Three California state departments are in charge of licensing and regulating cannabis commerce. The California Department of Consumer Affairs regulates and licenses retail sales, distribution and testing. The California Department of Public Health oversees manufacturing and the California Department of Food and Agriculture is responsible for cultivation.

“First and foremost, California grows way more cannabis than we consume here. The state’s estimate is that we produce 15 million pounds and that we consume 2.5 million pounds. That is a huge disparity,” Allen said.

John Ford is an HSU alumnus. Ford talks about cannabis farmers expectations being part of the legal system.

“I think [the farmers] expectations were that ‘It shouldn’t be too hard to permit what I have already been doing,'” Ford said.

Cannabis farmers found out about local taxes, state and county permits.

“2,300 applications that were submitted to the county almost simultaneously, literally choked the system,” Ford said.

The local community and economy are reliant upon cannabis.

“Then, there’s Humboldt County, who has an economy to protect, a reputation and an identity to protect. This industry is important for jobs, for economic growth and yes, taxes,” Ford said.

Ford spoke about other places in California being better suited for cannabis cultivation with flatter land, pre-existing greenhouses and better weather, places close to markets and transportation with abundant access to investment capital.

Mariellen Jurkovich talked about working together as a community.

“Arcata is willing to work with you. Eureka is willing to work with you. We need to work together as a community. This is our industry,” Jurkovich said.

Stansberry is concerned about the economic ramifications that were not anticipated.

“We are going through a really painful growth period,” Stansberry said.

Nick Thomas is a political science major at HSU and thinks slowing big business down will help the local economy.

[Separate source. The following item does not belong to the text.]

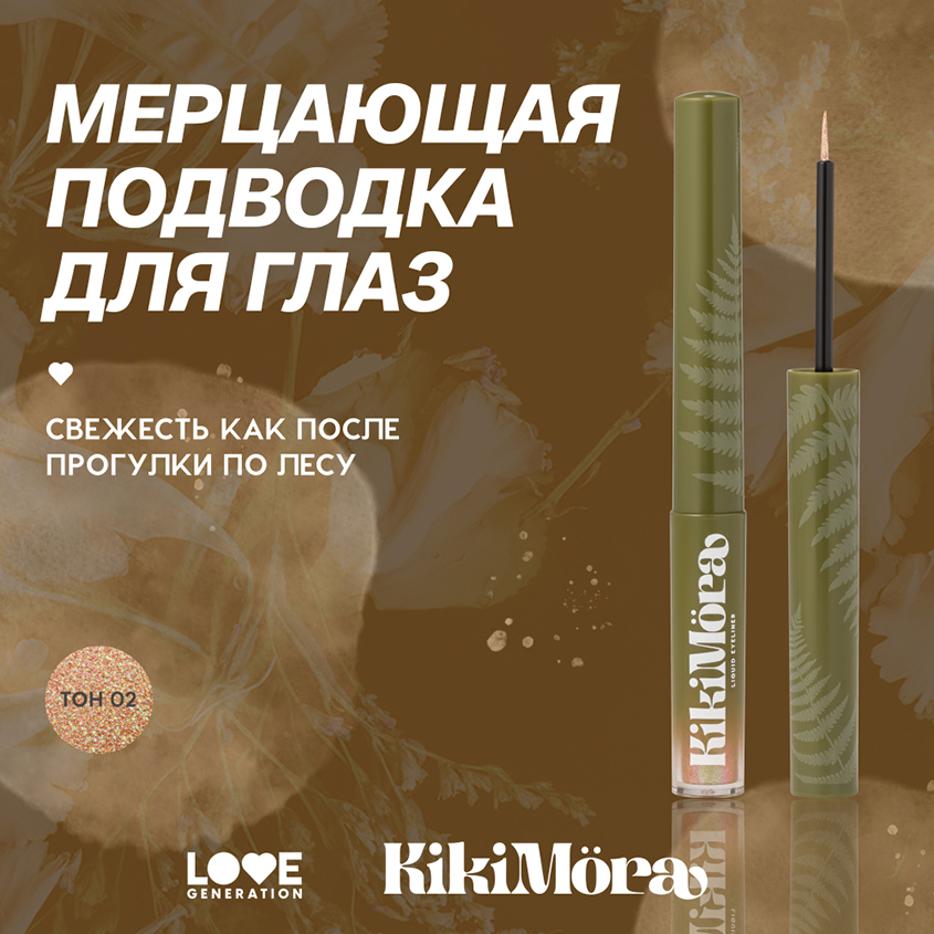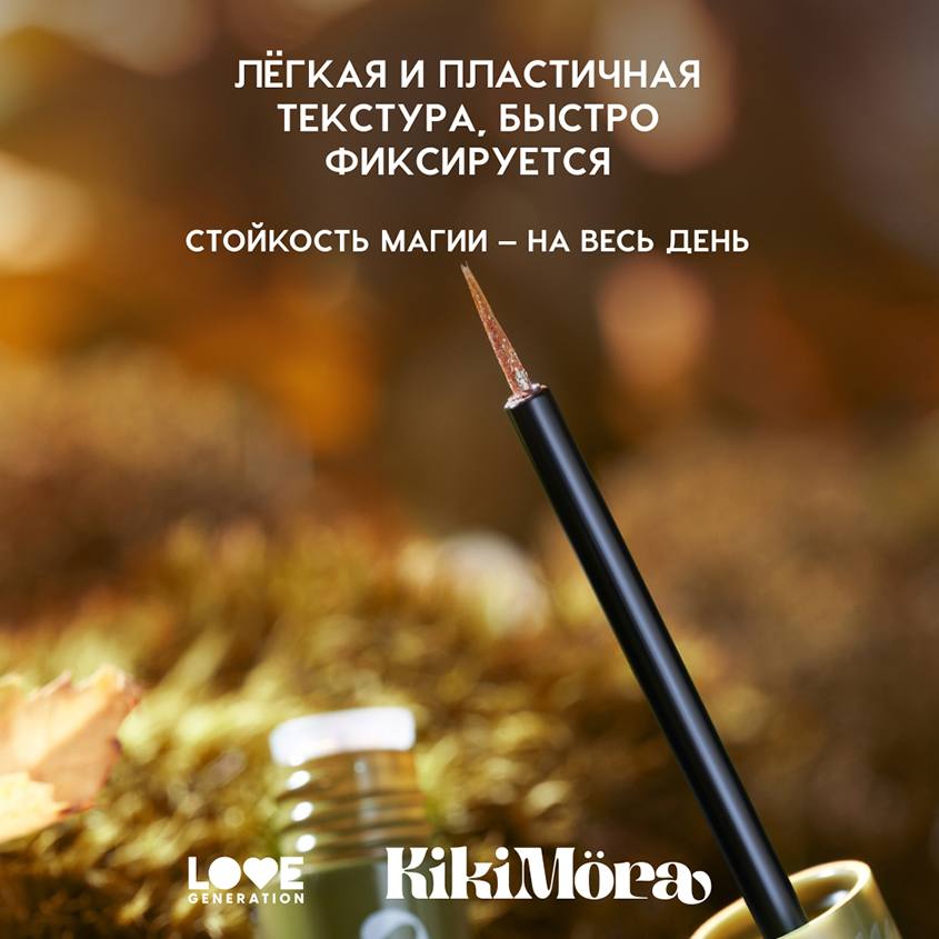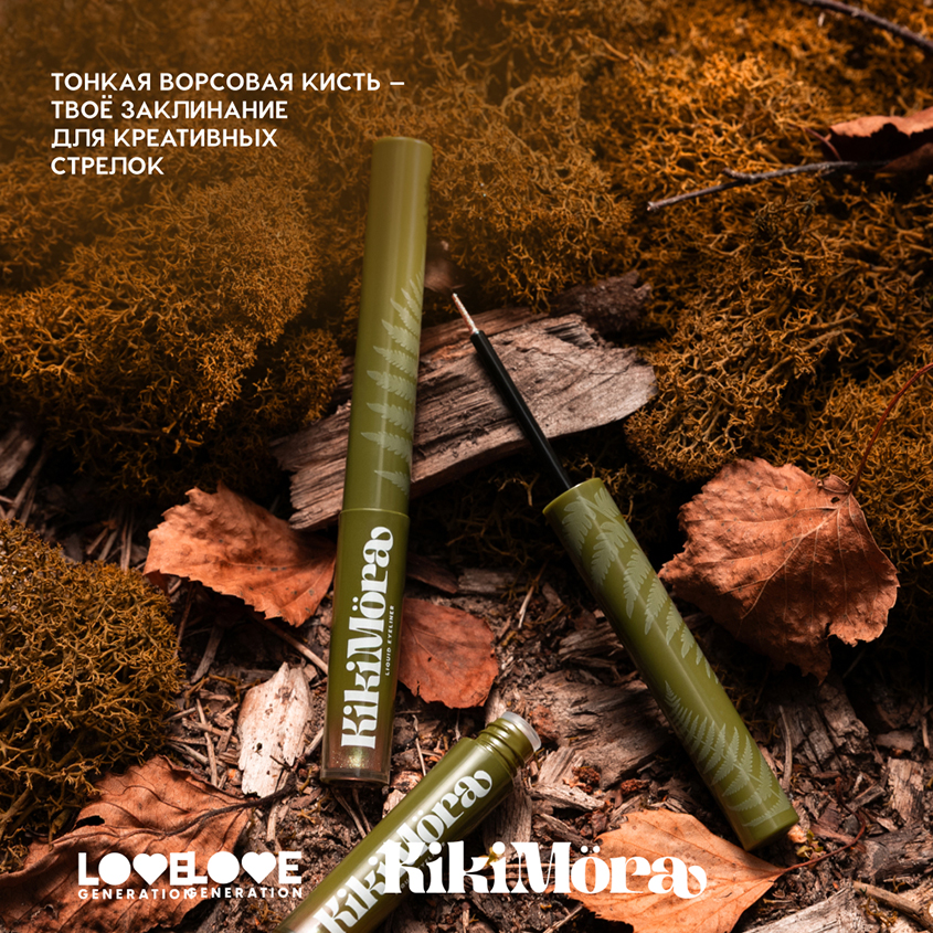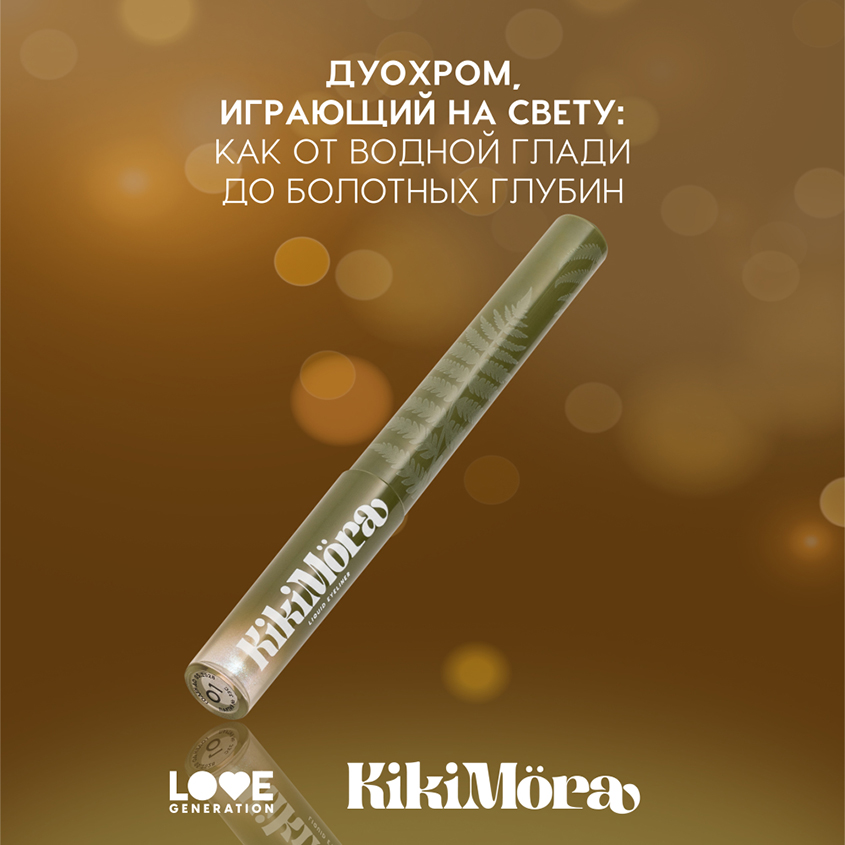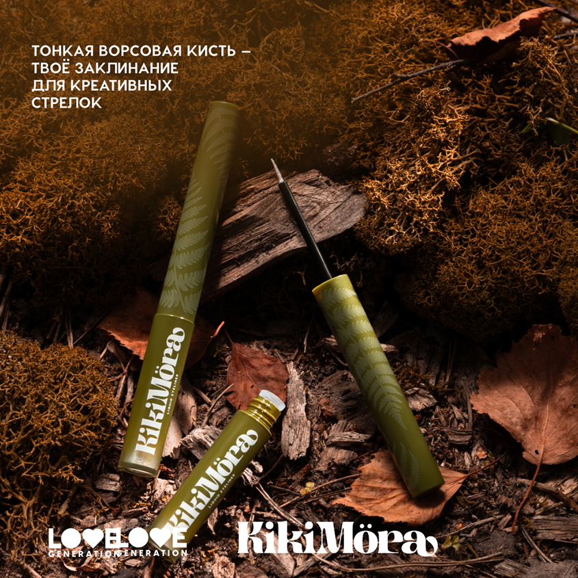 Сияющая дуохромная формула подводки для глаз KIKIMORA меняется под разным освещением, как поверхность лесного озера или таинственная болотная гладь. Легкая текстура наносится без усилий и остается яркой в течение всего дня, придавая взгляду глубину, выразительность и немного магии. Удобным аппликатором в форме тонкой ворсовой кисти легко нарисовать как классические стрелки, так и графические элементы, даже если ты новичок в макияже.

“We need to make sure that a lot of the major industrial-sized grows get pushed back for five years. That is step number one,” Thomas said.

Thomas referred to Allen’s statements on the importance of small farmers and how it is about the community.

Allen spoke about policy, cultural and financial barriers.

“Honestly, folks don’t have the means to move forward,” Allen said.

Allen pointed out that the market incentive is not there.

“Of 2.5 million pounds of cannabis consumed in state in California, only 600,000 pounds are sold by regulated retailers. The other 1.9 million pounds of cannabis consumed in state is sold on the unregulated market. There is no point in getting a license now. The market isn’t there,” Allen said.